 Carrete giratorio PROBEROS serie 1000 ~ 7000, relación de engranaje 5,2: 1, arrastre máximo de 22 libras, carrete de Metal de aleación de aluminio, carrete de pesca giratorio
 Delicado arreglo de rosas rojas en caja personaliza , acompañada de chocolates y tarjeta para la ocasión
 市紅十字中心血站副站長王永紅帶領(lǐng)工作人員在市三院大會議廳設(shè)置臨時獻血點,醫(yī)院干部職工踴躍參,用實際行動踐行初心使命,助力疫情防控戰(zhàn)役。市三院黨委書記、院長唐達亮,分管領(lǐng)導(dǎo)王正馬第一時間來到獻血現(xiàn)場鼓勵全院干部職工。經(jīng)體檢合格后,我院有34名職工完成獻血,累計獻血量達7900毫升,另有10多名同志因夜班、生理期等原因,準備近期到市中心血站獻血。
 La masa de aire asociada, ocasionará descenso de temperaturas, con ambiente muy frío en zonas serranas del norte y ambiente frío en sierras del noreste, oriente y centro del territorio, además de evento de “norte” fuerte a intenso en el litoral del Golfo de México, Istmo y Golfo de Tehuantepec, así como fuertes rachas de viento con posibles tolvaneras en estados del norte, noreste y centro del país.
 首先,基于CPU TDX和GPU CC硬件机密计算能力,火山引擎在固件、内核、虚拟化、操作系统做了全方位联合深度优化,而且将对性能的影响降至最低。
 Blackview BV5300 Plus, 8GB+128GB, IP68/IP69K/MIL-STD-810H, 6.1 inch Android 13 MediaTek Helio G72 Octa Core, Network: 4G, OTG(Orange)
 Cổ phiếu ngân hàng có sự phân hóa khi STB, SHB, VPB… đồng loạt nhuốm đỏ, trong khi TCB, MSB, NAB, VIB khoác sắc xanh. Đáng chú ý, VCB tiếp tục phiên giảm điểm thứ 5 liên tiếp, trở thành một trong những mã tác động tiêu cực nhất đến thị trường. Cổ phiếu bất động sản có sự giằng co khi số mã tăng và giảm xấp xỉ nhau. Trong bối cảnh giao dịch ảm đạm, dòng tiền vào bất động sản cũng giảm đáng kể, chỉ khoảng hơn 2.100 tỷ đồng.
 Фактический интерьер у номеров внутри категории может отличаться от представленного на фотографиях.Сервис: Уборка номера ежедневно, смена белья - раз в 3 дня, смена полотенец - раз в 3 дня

•••••

• Work instruction:
Copy the whole of the data above exactly.

• The completed task:
 Carrete giratorio PROBEROS serie 1000 ~ 7000, relación de engranaje 5,2: 1, arrastre máximo de 22 libras, carrete de Metal de aleación de aluminio, carrete de pesca giratorio
 Delicado arreglo de rosas rojas en caja personaliza , acompañada de chocolates y tarjeta para la ocasión
 市紅十字中心血站副站長王永紅帶領(lǐng)工作人員在市三院大會議廳設(shè)置臨時獻血點,醫(yī)院干部職工踴躍參,用實際行動踐行初心使命,助力疫情防控戰(zhàn)役。市三院黨委書記、院長唐達亮,分管領(lǐng)導(dǎo)王正馬第一時間來到獻血現(xiàn)場鼓勵全院干部職工。經(jīng)體檢合格后,我院有34名職工完成獻血,累計獻血量達7900毫升,另有10多名同志因夜班、生理期等原因,準備近期到市中心血站獻血。
 La masa de aire asociada, ocasionará descenso de temperaturas, con ambiente muy frío en zonas serranas del norte y ambiente frío en sierras del noreste, oriente y centro del territorio, además de evento de “norte” fuerte a intenso en el litoral del Golfo de México, Istmo y Golfo de Tehuantepec, así como fuertes rachas de viento con posibles tolvaneras en estados del norte, noreste y centro del país.
 首先,基于CPU TDX和GPU CC硬件机密计算能力,火山引擎在固件、内核、虚拟化、操作系统做了全方位联合深度优化,而且将对性能的影响降至最低。
 Blackview BV5300 Plus, 8GB+128GB, IP68/IP69K/MIL-STD-810H, 6.1 inch Android 13 MediaTek Helio G72 Octa Core, Network: 4G, OTG(Orange)
 Cổ phiếu ngân hàng có sự phân hóa khi STB, SHB, VPB… đồng loạt nhuốm đỏ, trong khi TCB, MSB, NAB, VIB khoác sắc xanh. Đáng chú ý, VCB tiếp tục phiên giảm điểm thứ 5 liên tiếp, trở thành một trong những mã tác động tiêu cực nhất đến thị trường. Cổ phiếu bất động sản có sự giằng co khi số mã tăng và giảm xấp xỉ nhau. Trong bối cảnh giao dịch ảm đạm, dòng tiền vào bất động sản cũng giảm đáng kể, chỉ khoảng hơn 2.100 tỷ đồng.
 Фактический интерьер у номеров внутри категории может отличаться от представленного на фотографиях.Сервис: Уборка номера ежедневно, смена белья - раз в 3 дня, смена полотенец - раз в 3 дня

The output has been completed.